Please copy exactly the line containing "L'imagination de Charley" and every line after it, through the last line of the records below, leaving out all pictures.

Records from a dataset
══════════════════════════════
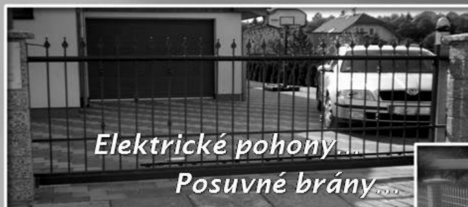
Elektrické pohony... Posuvné brány...
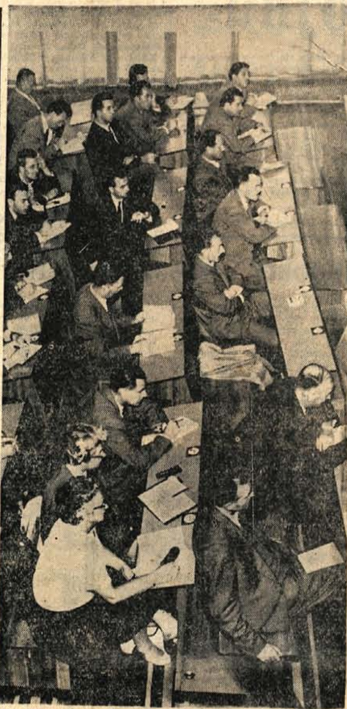
Del dvorane OLO v Kranju v udeleženci seminarja o predosnutku ustave FSRJ

V razpravi so zlasti govorili o specializaciji posameznih dejavnosti in o nekaterih težavah v tem pogledu. — M.
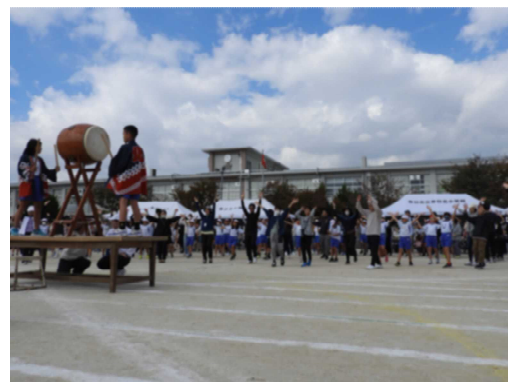
【運動会「全校表現」の様子】
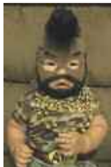
Kézdődik a farsang

- Ez még nem, de én meg azt hittem, hogy állok, és kiszálltam.
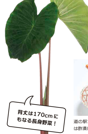
背丈は170cmにもなる長身野菜！
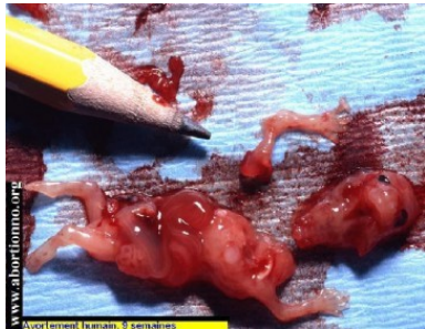
photo) : ce pauvre petit 'tas de viande', cet être à part entière, et ce dès sa conception, ayant une Âme éternelle qui coûta tout le Sang de son adorable Sauveur !

Donc ainsi étant libre, c'est elle, la femme, qui bien librement et volontairement va écarter les jambes (ou absorbe ces pilules criminelles) dans un acte de prostitution délibéré afin qu' 'eux', 'ils', puissent y plonger leurs mains hautement criminelles et en sortir ceci 64 (voir.
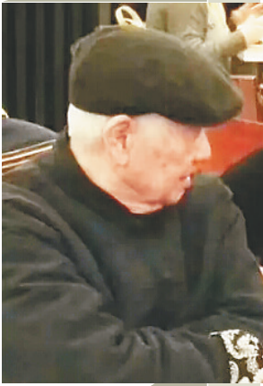
2016年，两岸“桂冠诗人”洛夫在台湾。

读诗、诵诗时，洛夫的音容笑貌，恍若还在。如果一定会在，那一定在他的诗歌里。听上去，倒也是件幸事。图
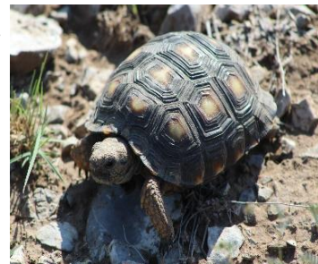
Tortuga del Desierto de Tamaulipas ( Gopherus berlandieri )

En el área protegida habitan venados, pumas, coyotes, osos negros y jabalíes, por mencionar solo algunas de las especies que se pueden encontrar. De la riqueza de reptiles destacan dos lagartijas y una víbora endémicas de la región. La mariposa Monarca se alimenta y descansa en la Reserva durante su migración.
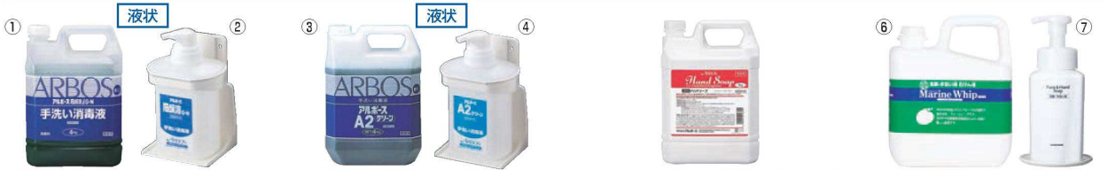
①アルボース 石鹸液 iG-N 4kg ㊦

ページコード 商品コード 価格 4-2437-0101 4622010 ¥6,600
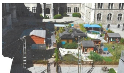
WWF-Ausstellung in Zürich

Hier in Gressier (Haiti) werden die Häuser unter der Leitung von Otto Hegnauer (40 Jahre Haitierfahrung) wieder aufgebaut.
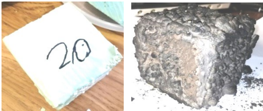
Рис. 2. Образец 6

Согласно рис. 4, наилучшую огнезащиту показали образцы под номерами 1; 8; 10; 15; 19, сопротивлявшихся огню более 11 мин. Наихудшим оказался образец 4, который начал гореть на 7-й мин.
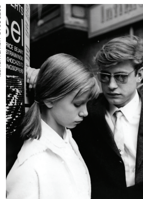
BERLIN UM DIE ECKE (Gerhard Klein, 1965)
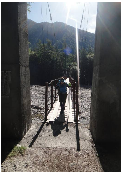
新村橋を渡り対岸に
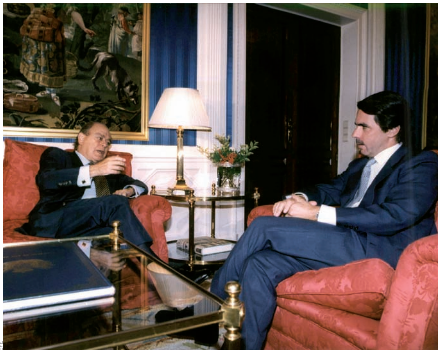
Jordi Pujol i José María Aznar, després de signar l'acord de governabilitat, l'any 1996.

Durant l'any 2009, d'una altra banda, l'independentisme social va experimentar un nou impuls, sobretot
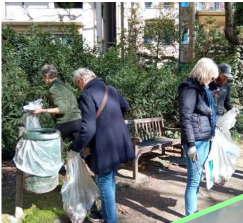
Foto dall'evento organizzato dal Gruppo Ambiente CCPM
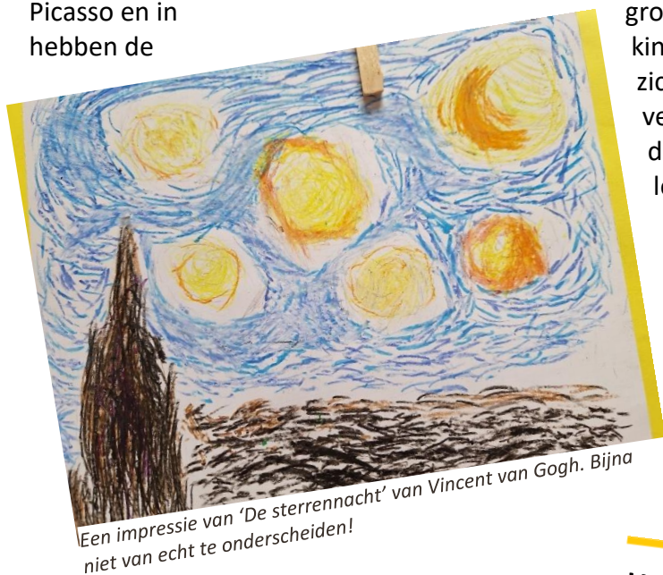
Een impressie van 'De sterrennacht' van Vincent van Gogh. Bijna niet van echt te onderscheiden!
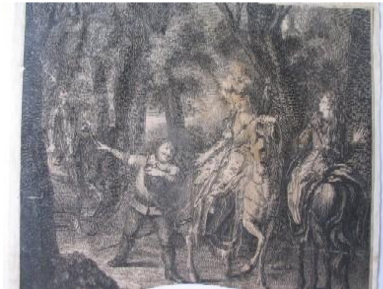
Picard Le Romain. Las bellas cazadoras (Pintura de Ch. A. Coypel.1746)
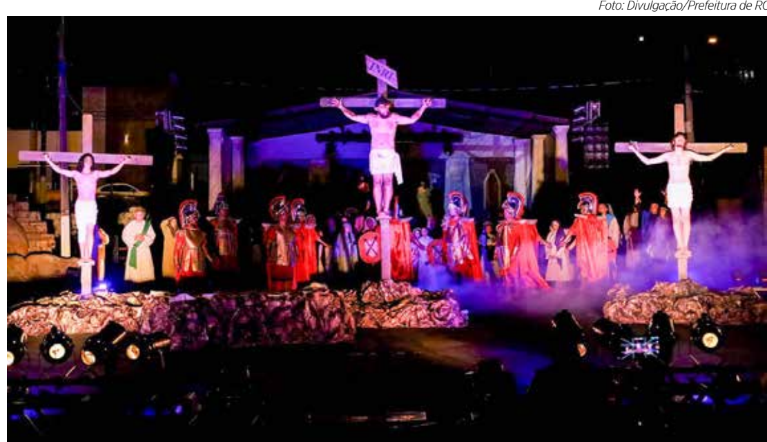
Na edição de 2023, mais de três mil pessoas assistiram ao espetáculo

Na edição de 2023, mais de três mil pessoas assistiram ao espetáculo realizado no espaço livre da Avenida Visconde do Rio Claro. Neste ano, a expectativa dos organizadores é também receber um grande público.
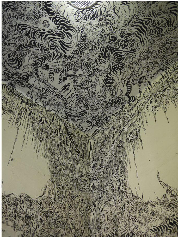
Charley Case, Seringueira , 2015 Encre de chine sur mur Expo feito por brasileiros , Cidade Matarazzo, Sao Paulo, Brazil

L'imagination de Charley Case trouve son origine dans la maîtrise du trait. Le fusain, l'encre de Chine, ou encore l'aquarelle constituent la matière de ses œuvres dont les formes combinent cercles et spirales, autant de symboles de l'irréversible cheminement de la vie vers la mort.
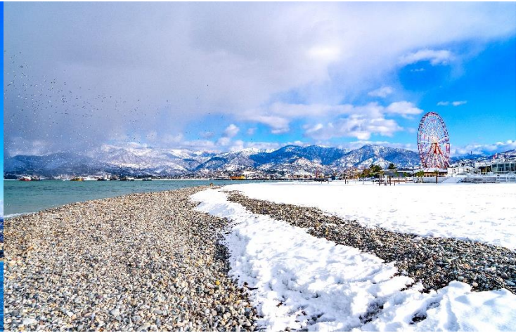
เที่ยว อีสรอาหารเพื่อความสะดวกในการท่องเที่ยว
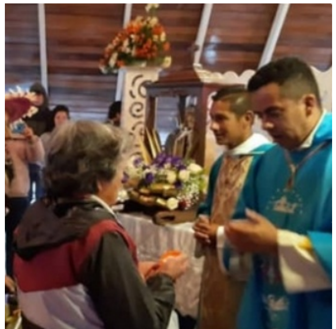
Figura 14. Junta directiva de la cofradía en la iglesia San Isidro Labrador de El Valle
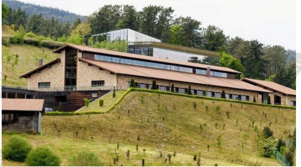
Restaurante Eneko 1 estrella Michelin
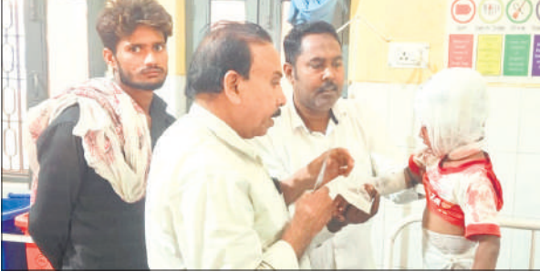
ई-रिक्षा की टक्कर से घायल बालक का अस्पताल में इलाज करते चिकित्सक।
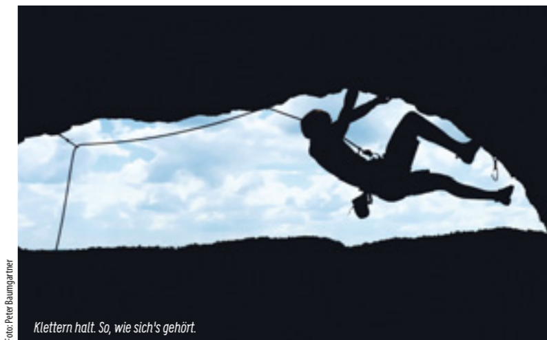
Klettern halt. So, wie sich's gehört.

zen selbst einbringt. Jedes JUMA-Jahr startet mit einem Planungstreffen im Herbst, bei dem an einem gemütlichen Abend ein vielseitiges Programm für das folgende Jahr erstellt wird. Auch die inhaltliche Gestaltung unserer ca. einmal im Monat stattfindenden Themenabende liegt ganz bei euch. So können wir gemeinsam viele schöne Touren, Abenteuer und Abende erleben.
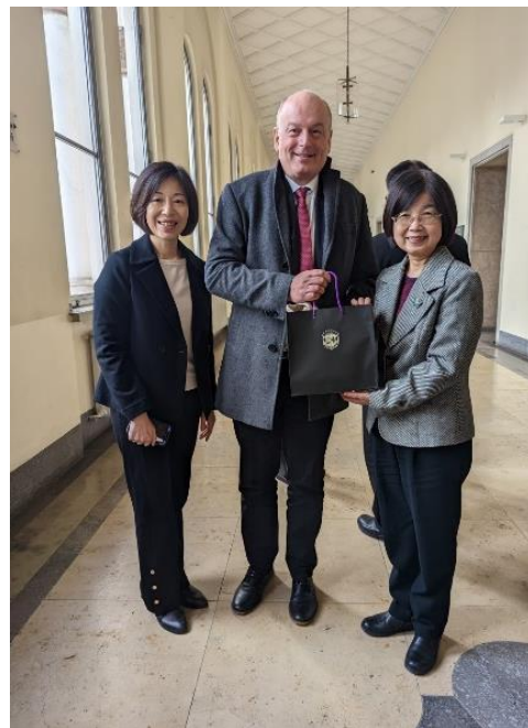
柯院長致贈 Satzger 教授紀念品
══════════════════════════════
Response to this task |
L'imagination de Charley Case trouve son origine dans la maîtrise du trait. Le fusain, l'encre de Chine, ou encore l'aquarelle constituent la matière de ses œuvres dont les formes combinent cercles et spirales, autant de symboles de l'irréversible cheminement de la vie vers la mort.
เที่ยว อีสรอาหารเพื่อความสะดวกในการท่องเที่ยว
Figura 14. Junta directiva de la cofradía en la iglesia San Isidro Labrador de El Valle
Restaurante Eneko 1 estrella Michelin
ई-रिक्षा की टक्कर से घायल बालक का अस्पताल में इलाज करते चिकित्सक।
Klettern halt. So, wie sich's gehört.

zen selbst einbringt. Jedes JUMA-Jahr startet mit einem Planungstreffen im Herbst, bei dem an einem gemütlichen Abend ein vielseitiges Programm für das folgende Jahr erstellt wird. Auch die inhaltliche Gestaltung unserer ca. einmal im Monat stattfindenden Themenabende liegt ganz bei euch. So können wir gemeinsam viele schöne Touren, Abenteuer und Abende erleben.
柯院長致贈 Satzger 教授紀念品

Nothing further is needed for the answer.